L’exercice hebdomadaire de la chine, plaisir d’offrir, joie de recevoir, conduit à d’agréables surprises. Celles et ceux qui le pratiquent le comprendront. Pétra Werlé, adepte depuis fort longtemps de ce sport, découvre lors d’une de ses pérégrinations, une collection de gravures animalières du XVIIIe siècle. Coup de foudre ! Elles seront le support de sa prochaine série. Elle s’attelle alors à sculpter, – une première pour elle –, des animaux, étranges, connus et inconnus, fantastiques, donnant à chaque gravure une nouvelle dimension. Exercice complexe, car la mie de pain ne se laisse pas facilement domestiquer à cette échelle. Mais on connaît sa patience et sa persévérance…

Ils sont venus, ils sont tous là, pas un ne manque à l’appel. Le jacamar chamarré de plumes bleu-vert, les girafes au concert, l’autruche emplumée, l’hippopotame tout en muscles, le bison affectueux, l’orang-outang acrobate ou le butor borné.
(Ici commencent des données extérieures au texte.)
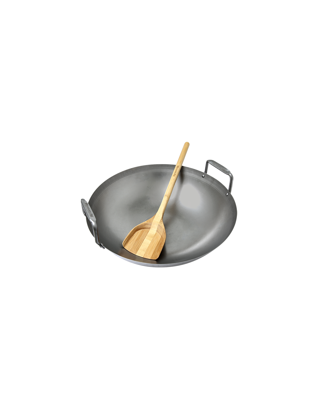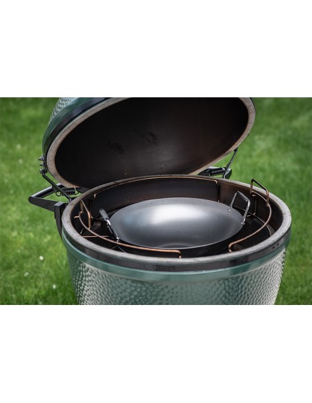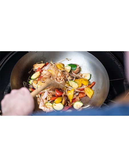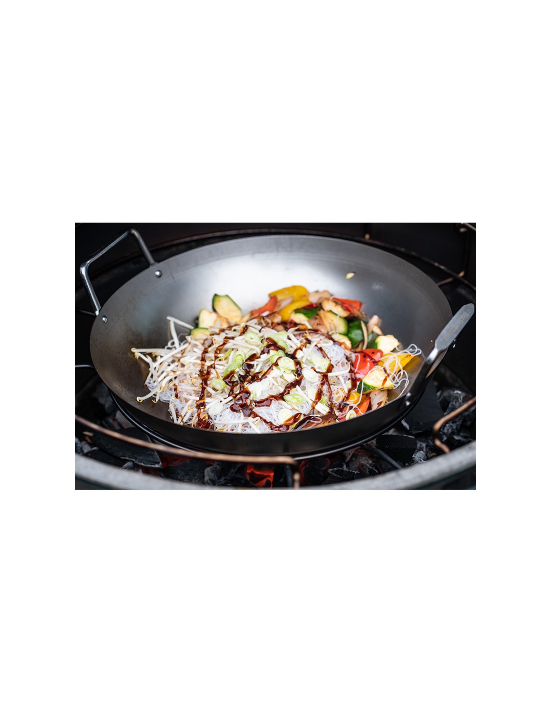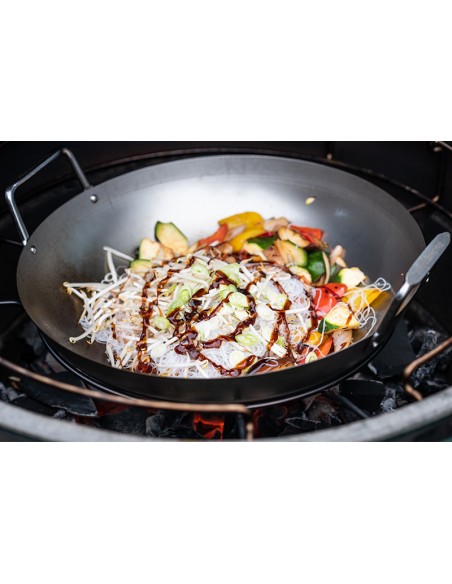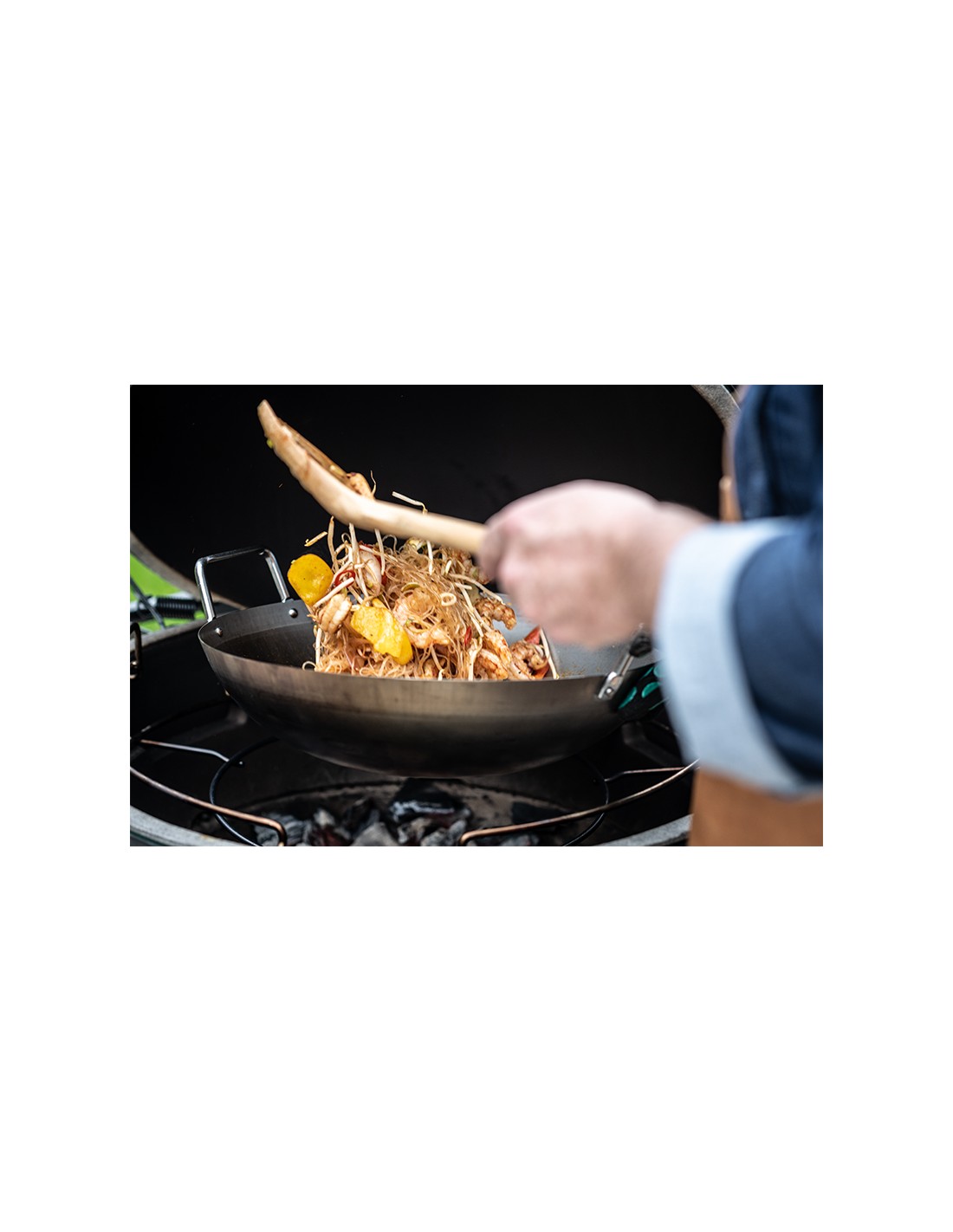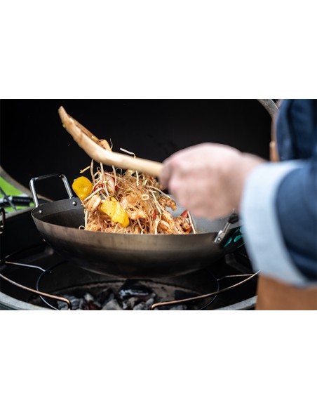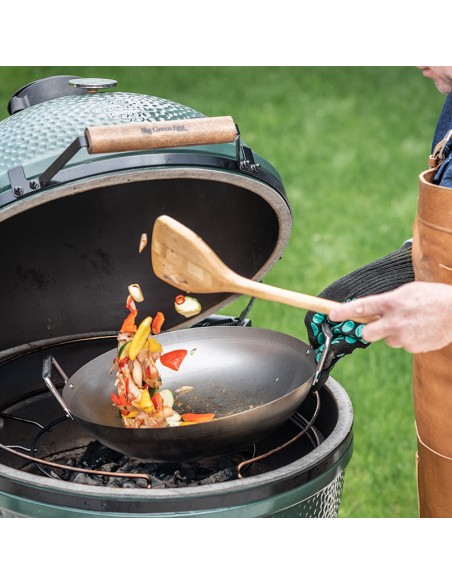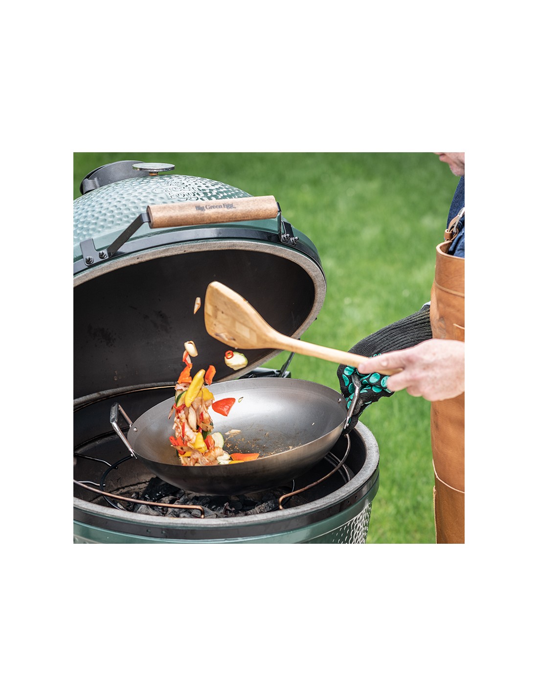 - Big Green Egg kepsninės labai universalios – jose galima naudoti ir wok keptuves. Turėdami anglies plieno wok keptuvę su bambukine mentele galėsite įvaldyti bet kokį maisto gaminimo būdą. Keptuvės dugnas plokščias, todėl ją galima dėti ant bet kokio paviršiaus. Be to, ją galima suderinti su EGGspander grotelėmis. Pasiruošę kepti?

Pétra les accompagne de ses petites créatures attachantes qu’on a appris à connaître et reconnaître au fil du temps.

Transgressant les bonnes manières, dans le plus simple appareil ou voilés d’un pagne, que cachent-elles derrière leur sourire enjoué ? « Des personnages prêts à tout, aux pires violences, aux pires douceurs, aux pires tendresses, dit Eric Auguste. Des personnages facétieux, à l’image de Pétra Werlé, immaîtrisables et se refusant à tout étiquetage. » Dans cette nouvelle sarabande proposée, on les voit communier en pleine nature avec leurs frères animaux, les chevauchant, les enlaçant, faisant ami-ami, leur parlant, les écoutant, complices d’un jour, complices pour toujours. L’esprit de Wakan Tanka a présidé à cette rencontre, qu’il vous accompagne pour le reste du temps.

L’exposition "Wakan Tanka" se tiendra du 20 septembre au 20 octobre à la galerie Béatrice-Soulié 21rue Guénégaud 75006 Paris.